Frequently Asked Questions

What is a small business?

The Office of Advocacy defines a small business for research purposes as an independent business having fewer than 500 employees.

Firms wishing to be designated small businesses for government programs such as contracting must meet size standards specified by the U.S. Small Business Administration (SBA) Office of Size Standards. These standards vary by industry; see www.sba.gov/size

How important are small businesses to the U.S. economy?

Small firms

  • Represent 99.7 percent of all employer firms.
  • 63 percent of net new private-sector jobs.
  • 48.5 percent of private-sector employment.
  • 42 percent of private-sector payroll.
  • 46 percent of private-sector output.
  • 37 percent of high-tech employment.
  • 98 percent of firms exporting goods.
  • 33 percent of exporting value.

Source: U.S. Dept. of Commerce, Census Bureau and Intl. Trade Admin.; Advocacy-funded research by Kathryn Kobe, (www.sba.gov/advo/research/rs299tot.pdf) and CHI Research, (www.sba.gov/advo/research/rs225tot.pdf); U.S. Dept. of Labor, Bureau of Labor Statistics.
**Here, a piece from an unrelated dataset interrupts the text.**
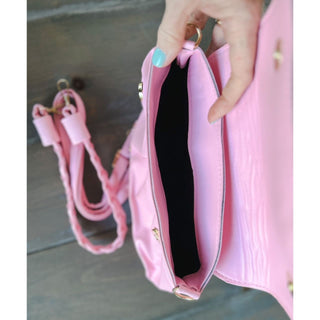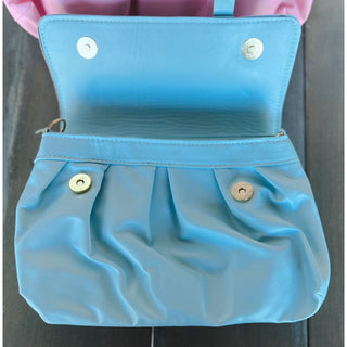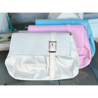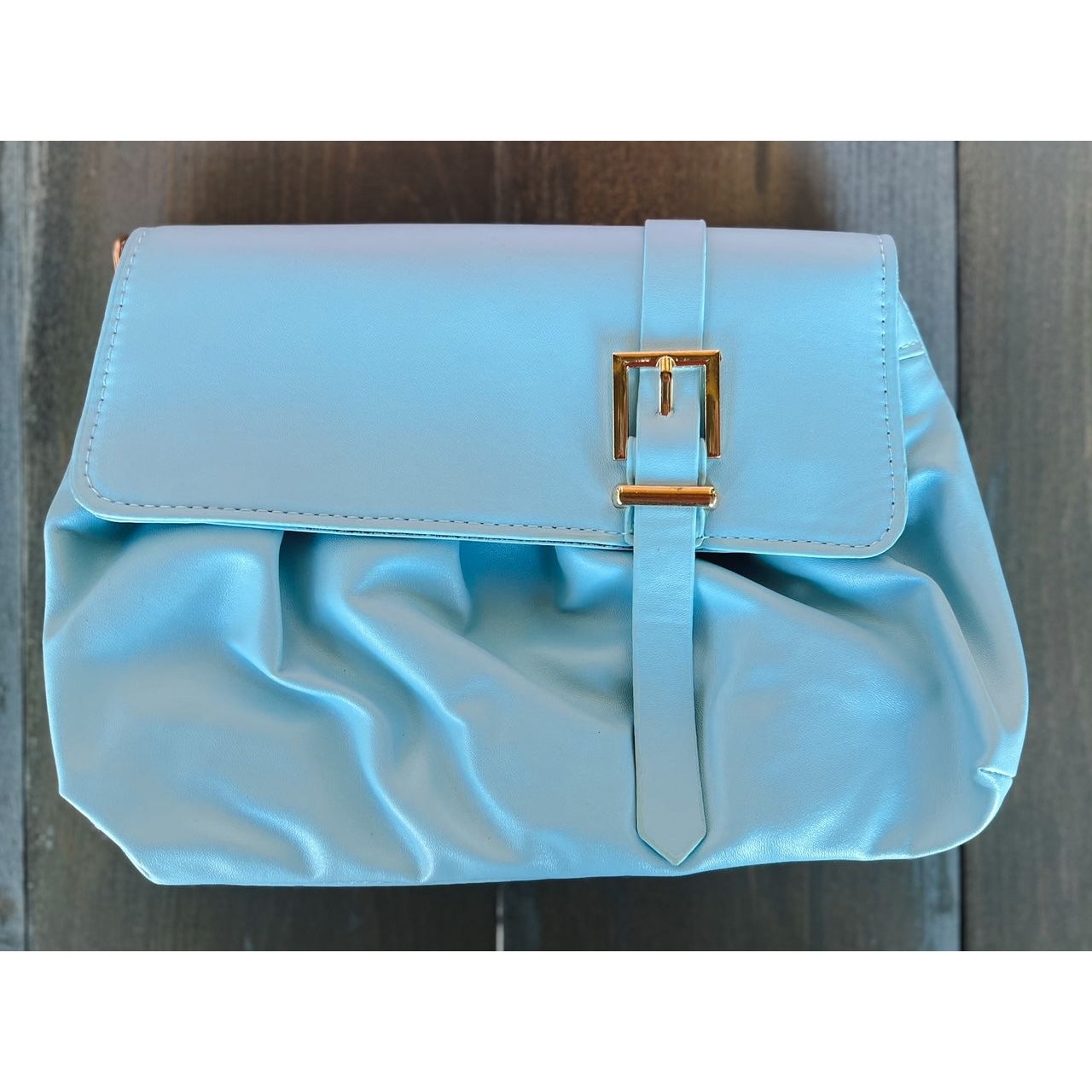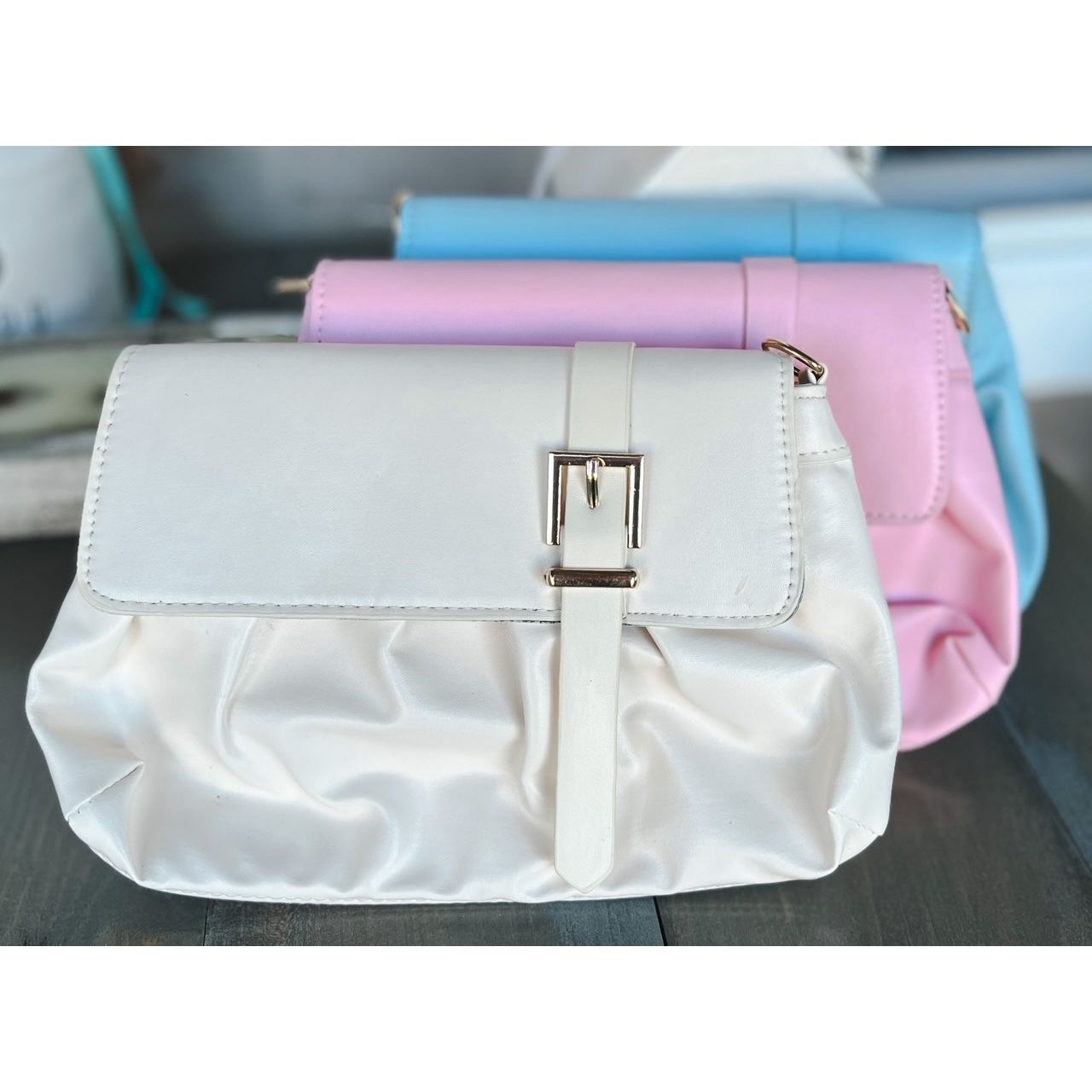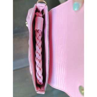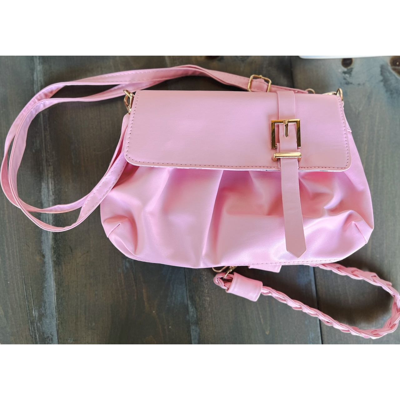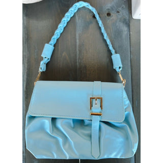 Beautiful Spring vegan leather handbag with short braided strap and an adjustable longer strap accented with a front tucking and buckle. Perfect colors for your Spring and Easter plans.

How many small businesses are there?

In 2011, there were 28.2 million small businesses in the United States,  and 17,77 firms with 500 employees or more, according to Office of Advocacy estimates.

Over three-quarters of small businesses were nonemployers; this number has trended up over the past decade, while employers have been relatively flat.

Source: Office of Advocacy estimates based on data from the U.S. Dept. of Commerce, Census Bureau, and trends from the U.S. Dept. of Labor, Bureau of Labor Statistics, Business Employment Dynamics.

How many businesses open and close each year?

About 10 to 12 percent of firms with employees open each year and about 10 to 12 percent close (see below). Employer firm births and deaths were up in the most recently available data. Establishment birth figures from 2912 also showed gains. Nonemployer firms have turnover rates three times as high as employer firms. Business bankruptcies numbered 33,212 in 2013, a decline of about 7,000 over the previous year. Note that not all firm deaths are bankruptcies, and many business owners file personal bankruptcy instead of business bankruptcy.

 
Starts and Closures of Employer Firms, 2000–2011
Category 2000 2009 2010 2011
Births 481,985 410,038 389,774 409,040
Deaths 407,947 508,668 446,944 470,736
Notes: Source: U.S. Dept. of Commerce, Census Bureau; Administrative Office of the U.S. Courts; U.S. Dept. of Labor, Business Employment Dynamics (BED). Estimates based on Census data and BED trends.

 

What is small businesses' share of net new jobs?

Samll firms accounted for 63 percent of the net new jobs created between 1993 and mid-2013 (or 14.3 million of the 22.9 million net new jobs). Since the end of the recession (from mid-2009 to mid-2013), small firms accounted for 60 percent of the net new jobs. Small firms in the 20-499 employee category led job creation.  see www.sba.gov/advocacy/10871.
Source: U.S. Bureau of the Census.

What is the effective tax rate for small businesses?

The average effective tax rate for businesses organized a sole proprietorships was 15.1 percent in 2013, with small S corporations facing the highest rates. (An effective tax rate is usually defined as the amount paid as a fraction of net income or profit.)

Legal Form of

Business Ownership

Effective Tax Rate

(percent)

Non-farm sole proprietorship 15.1
Partnership 29.4
S Corporation

31.6

C Corporation 17.8

 

What is the survival rate for new firms?

About half of all new establishments survive five or more and about one-third survive 10 years or more. As one would expect, the probability of survival increases with a firm's age. Survival rates have changed little over time.